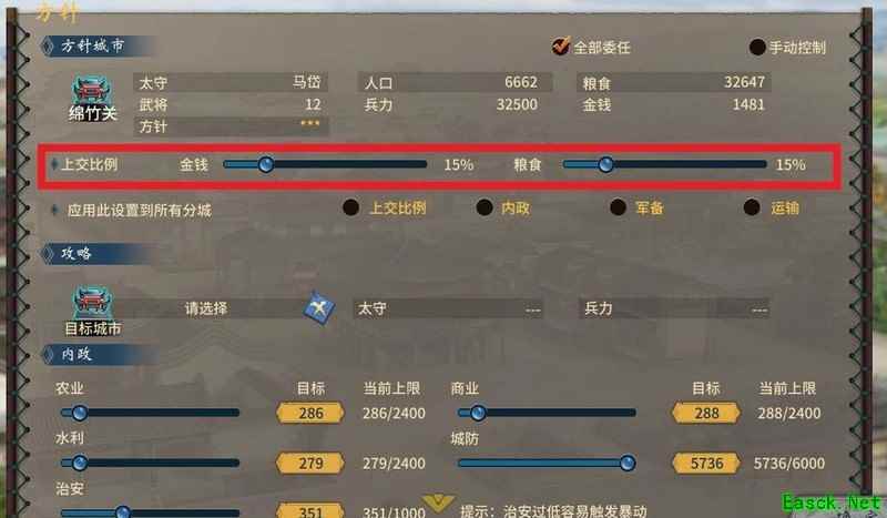 征兵与养兵皆需粮草军饷,务必确保附属城池钱粮储备充足,以防不济。
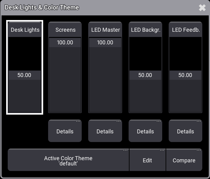 - To adjust the LED background intensity of the individual elements, tap Details below the LED Master fader.
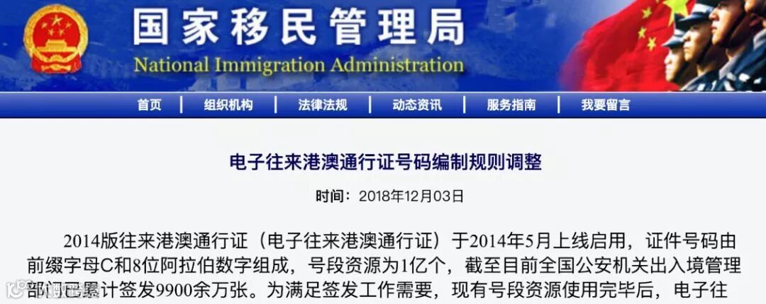 如果您是第一次使用电子港澳通行证,请注意:从2019年1月1日起,电子往来港澳通行证号码进行调整,不再是原来的C+8位数字了!
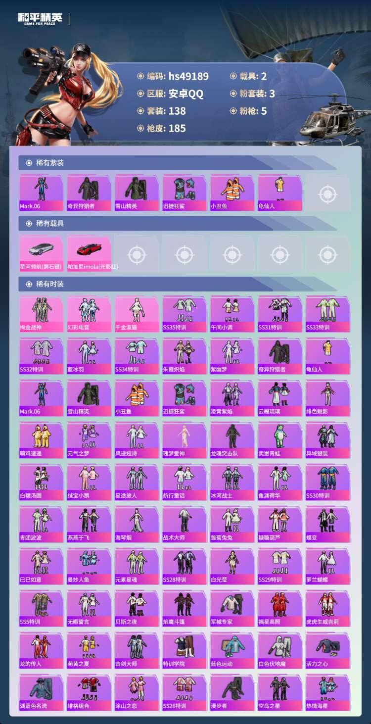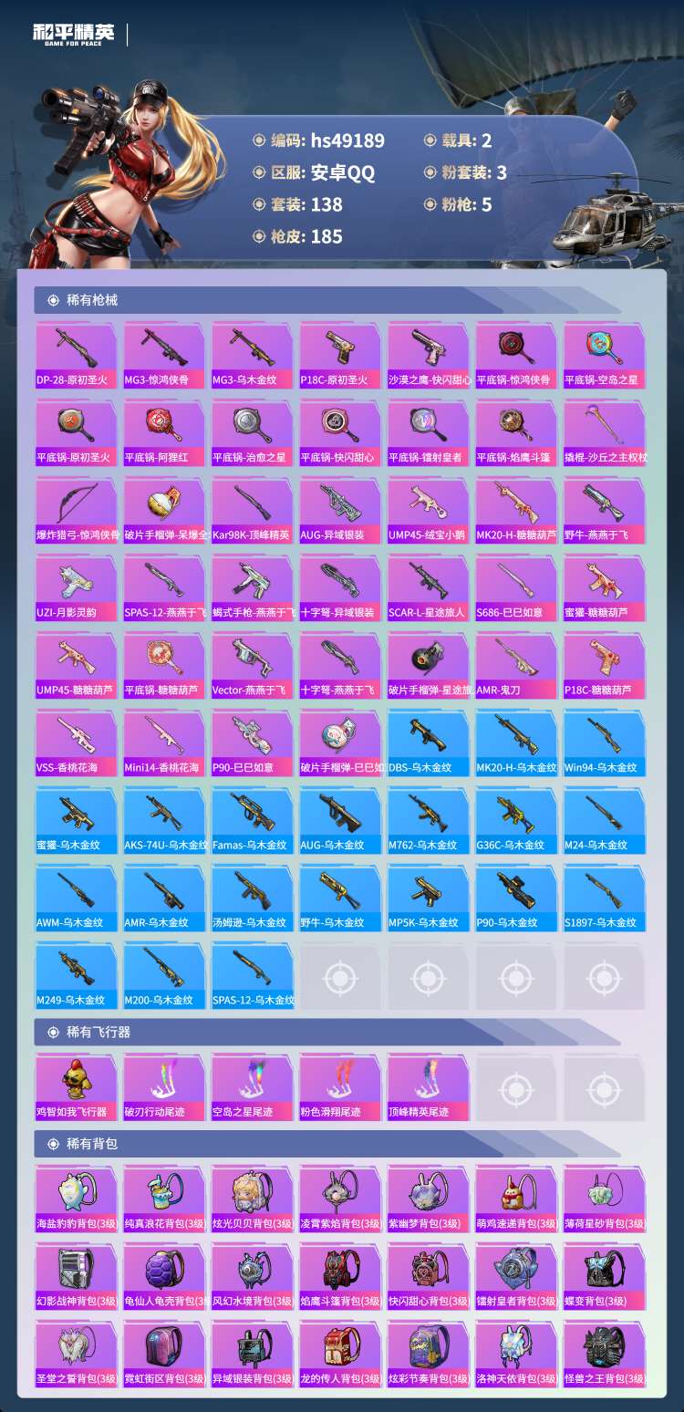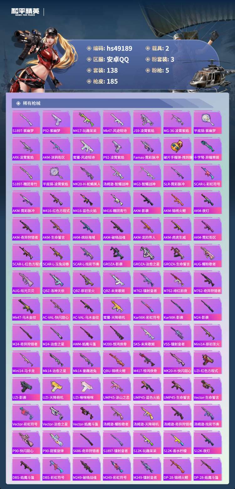 hs49189 安卓手Q-11王牌印记-3粉装-5特效枪-2载具-61772热力值-138套装-18

PROBLEM: Only the pictures may be dropped when you copy the data above; everything else stays exact.

RESPONSE:
 征兵与养兵皆需粮草军饷,务必确保附属城池钱粮储备充足,以防不济。
 - To adjust the LED background intensity of the individual elements, tap Details below the LED Master fader.
 如果您是第一次使用电子港澳通行证,请注意:从2019年1月1日起,电子往来港澳通行证号码进行调整,不再是原来的C+8位数字了!
 hs49189 安卓手Q-11王牌印记-3粉装-5特效枪-2载具-61772热力值-138套装-18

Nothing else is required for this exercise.